Specifically, the equation that facilitates openness to alternative information that supports a peace process is awareness that the costs of continuing the conflict exceed the costs of compromise in peace making. Also it is known that the recognition of the costs is weighed more heavily than the recognition of possible gains resulting from peacemaking (Kahneman & Tversky, 1979). This principle can be easily applied to the case of Jewish-Israeli society that accepts the principle of a two-state solution mainly because of "the demographic threat" suggesting that the much higher population growth of the Palestinian communities in Israel and in the Palestinian Authority will soon affect the balance of proportion between the two largest ethno-religious communities in the region, and is expected to lead to the creation of a Palestinian majority within the next few decades (Gayer, Landman, Halperin, & Bar-Tal, 2009; Soffer 2008).
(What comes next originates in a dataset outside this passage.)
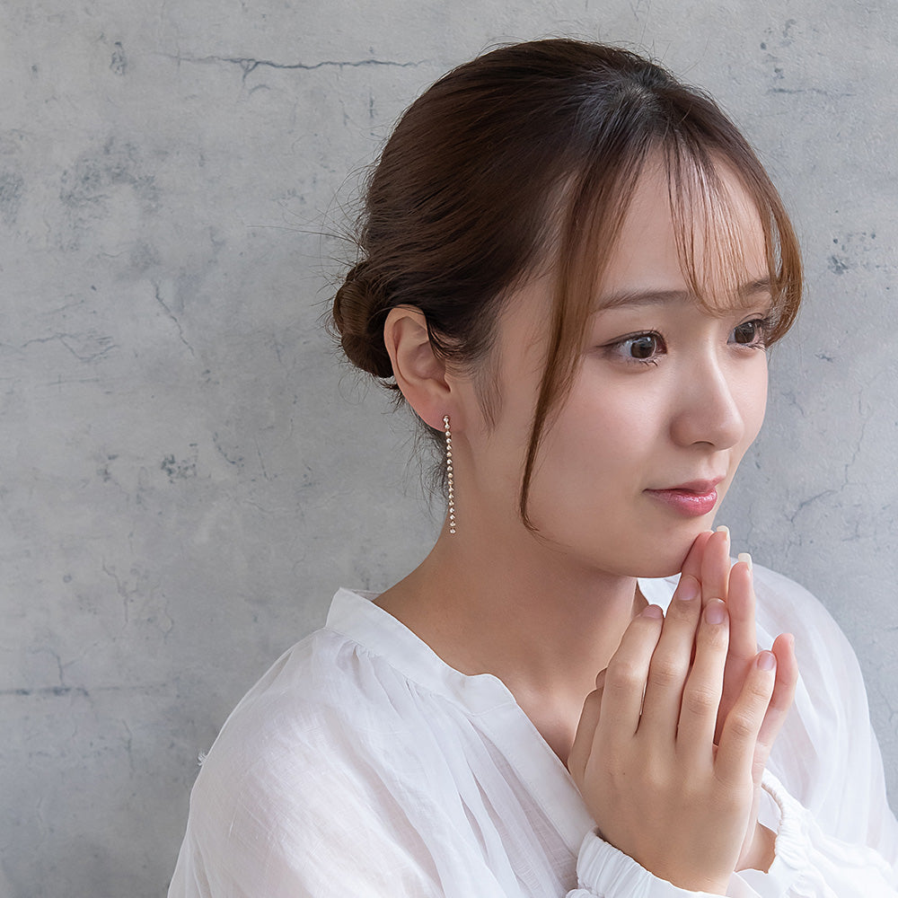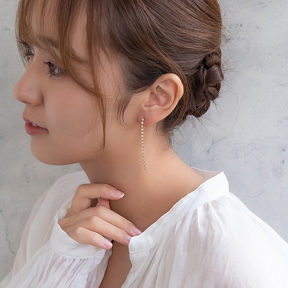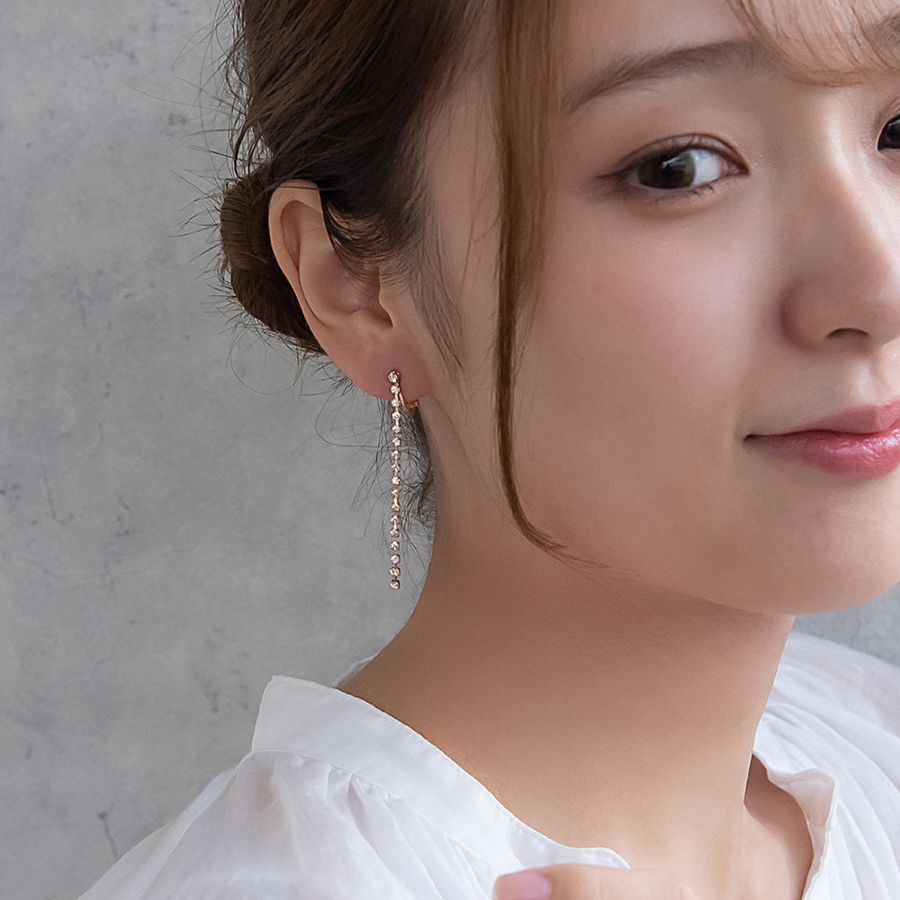 er1103さりげなく上品に、きらりと輝くラインストーンのイヤリング。目立ちにくくスッキリとした、お肌に優しい華奢な金具を使用したイヤリングです。

This realization led to the acceptance of alternative beliefs supporting considerable compromises by known ideological hawks such as Olmert and former Foreign Minister Tzipi Livni.

No doubt there are other arguments as well as processes and ways that lead, under certain conditions, to unfreezing that later may lead to the acceptance of beliefs that support peacemaking and even reconciliation. In any event this process almost always begins with a minority and in some cases successfully spreads through the society until the ethos of peace becomes dominant. We need always to remember that human beings are the ones that make their minds up to launch bloody conflicts, and that they also have to make their minds up to initiate and finalize a peace process.



1 Societal beliefs are defined as shared cognitions by the society members that address themes and issues that the society members are particularly occupied with, and which contribute to their sense of uniqueness (Bar-Tal, 2000).